California Estate Tax has been eliminated
As of January 1, 2005, California no longer imposes a separate estate tax at the state level. Therefore, the only estate tax liability California residents need to be concerned with is on the federal level. Currently there are 17 states who still impose estate tax on the state level. However, gift taxes are still imposed. A gift is property you receive from someone while that person is still alive. Generally, the person giving the gift is the one who will be responsible for paying gift taxes and reporting that gift to the IRS. The person receiving the gift does not have immediate tax liability. However, there may be future tax consequences, such as when the gift is sold.
The federal estate tax exemption
The federal estate tax exemption allows an estate with a value below the exemption amount to be passed on tax-free. As of 2016, the exemption amount is $5.45 million. The tax exemption is “portable,” meaning that the surviving spouse of a decedent can take advantage of any unused portion of their deceased spouse’s exemption. .
Sharing your lottery winnings with family
It is very common for lottery winners to make arrangements for sharing those huge winnings with their family members. Some even have plans in place for sharing their lottery loot even before they buy their lottery tickets. These arrangements can work as long as they are bona fide, binding arrangements to share the proceeds, which actually allow for the transfer of the winnings to a special account to be shared directly by family members.
However, if the arrangement isn’t made properly, the sharing of lottery proceeds will result in simple gifts to family. The misconception is that there is a federal exception to gift or estate taxes when lottery winnings are shared amongst family.
The IRS will still get its share of lottery winnings
What you need to know is that there is no lottery exception to the imposition of gift or estate taxes. A lottery winner’s estate will include his or her interest in the lottery winnings as of his or her date of death, at fair market value.
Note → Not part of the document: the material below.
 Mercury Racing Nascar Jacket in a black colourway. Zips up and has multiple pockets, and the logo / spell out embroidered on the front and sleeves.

The regular gift tax rules also apply to lottery winners.
Lottery winners may make tax-free gifts to any number of individuals as long as the total amount given to each beneficiary in a year does not exceed the annual exclusion from the gift tax ($14,000 per recipient in 2016).
The use of a lottery trust
When a transfer is made prior to claiming the lottery winnings, the gift tax issue becomes a little trickier. Certainly, the wisest thing is to make a gift of an interest in the lottery ticket before the winning numbers are selected. That way, the value of the gift is insignificant. If you regularly play the lottery, it would be a good idea to have a sharing agreement in place ahead of time, just in case. In this way, you may be able to avoid gift taxes.
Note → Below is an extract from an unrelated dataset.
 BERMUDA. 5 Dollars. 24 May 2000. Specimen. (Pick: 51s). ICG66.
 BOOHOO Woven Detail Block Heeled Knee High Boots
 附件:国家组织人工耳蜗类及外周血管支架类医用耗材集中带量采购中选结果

An oral agreement might suffice
There have been a few cases where oral agreements to share lottery winnings have been sufficient to avoid adverse gift tax consequences. For example, in once case a family established that the two parents and five adult children contributed money jointly toward the purchase of lottery tickets each week by contributing dollar bills to a goldfish bowl. Subsequently, the winning ticket was purchased with the pooled funds so the shares allocated to the children were not considered to be gifts.
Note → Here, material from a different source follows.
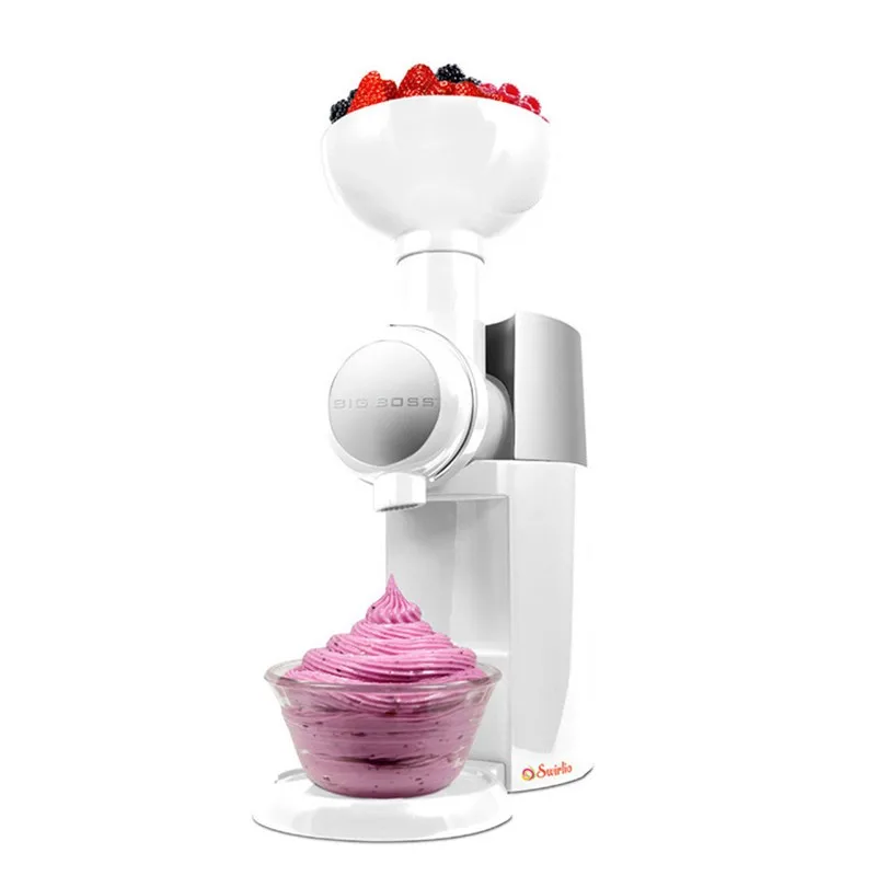 Больше не выбрасывайте дополнительные фрукты! Заморозьте его и превратите в здоровый замороженный десерт. Большой Босс Swirlio превращает ваши любимые фрукты в мягкий замороженный десерт в считанные секунды! Очистите, нарежьте и заморозьте фрукты-вставьте их в желоб и вуалю, вам подадут вкусный и полезный десерт! Используйте только ингредиенты, которые вы считаете лучшими для вас и вашей семьи.

Because there was no written partnership agreement documenting the sharing arrangement, however, the Internal Revenue Service ruled that state law regarding oral partnerships applied, meaning that all seven family members were deemed to own equal shares of the partnership (and not the unequal shares they wanted to use).
Issues with transferring lottery proceeds to an entity
In one particular case, a lottery winner created a corporation after winning so that the entity could claim the lottery proceeds. She and her spouse owned 49% of the stock in the company and other family members owned the remaining 51%. In that situation, the court determined that the 51% owned by the family actually constituted a gift. In doing so, the court rejected the argument that there was an enforceable contract for a number of reasons. Primarily, there was no written agreement and the family members involved had no obligation to buy or contribute to buying the tickets. In fact, it was not clear from the arrangement how many family members were actually a party to the agreement.